I think the rapid change in poverty levels may actually be due to globalism
and off shoring. If the most basic of jobs are now done by overseas workers or
immigrants, suddenly the quality of life in countries that are beneficiaries
of that work increases. Imported food, mass production of goods on a grand
scale. Cheap Walmart products made in China that even people on the poverty
line can afford. This would not be possible without globalism. You could argue
that capitalism and globalism go hand in hand, but again, I don't think
capitalism necessarily leads to globalism.

------
tayistay
It's as if the author hasn't ever really encountered scientific precision.

Take this for example:

"Most of us constitute a property-less underclass only able to survive by
servicing the needs of high earners."

Who is "us"? In the USA, over 60% of housing units are owner-occupied.
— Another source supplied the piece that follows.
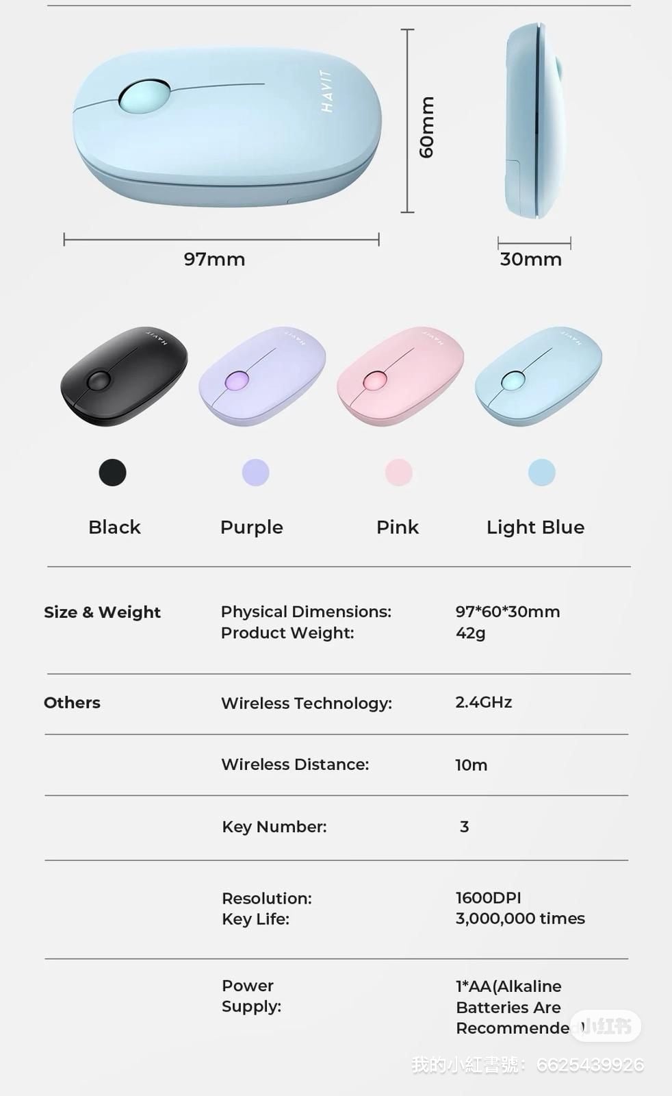 * 便攜設計: 設計緊湊、時尚且輕巧 (約 50 克),便於存放和攜帶,迷你接收器可收納在滑鼠本體內。

Hardly
property-less. Hyperbole much?

But then to presumably provide support for this, the author goes and cherry-
picks something:

"A report from the Bureau of Labor Statistics says that over the next 10 years
the occupation that will add the most jobs is personal care aides, not health
workers but aides who bathe and clean people. The dependence of the ruling
class on the vast sector of servants..."

Could this BLS statistic be because the boomers, a large cohort, are getting
old? The author makes the caregivers seem like servants to the "ruling class",
not people taking care of the elderly who really do need the help.

Another example:

"Universal Basic Income is an untenable survivalist approach. It promises just
enough to keep those in the hinterlands going and barely enough for urban
renters to handover to their landlords."

Let's just dismiss UBI, a complex topic, with two sentences! Why prove
anything when you can simply assert plausible-sounding things?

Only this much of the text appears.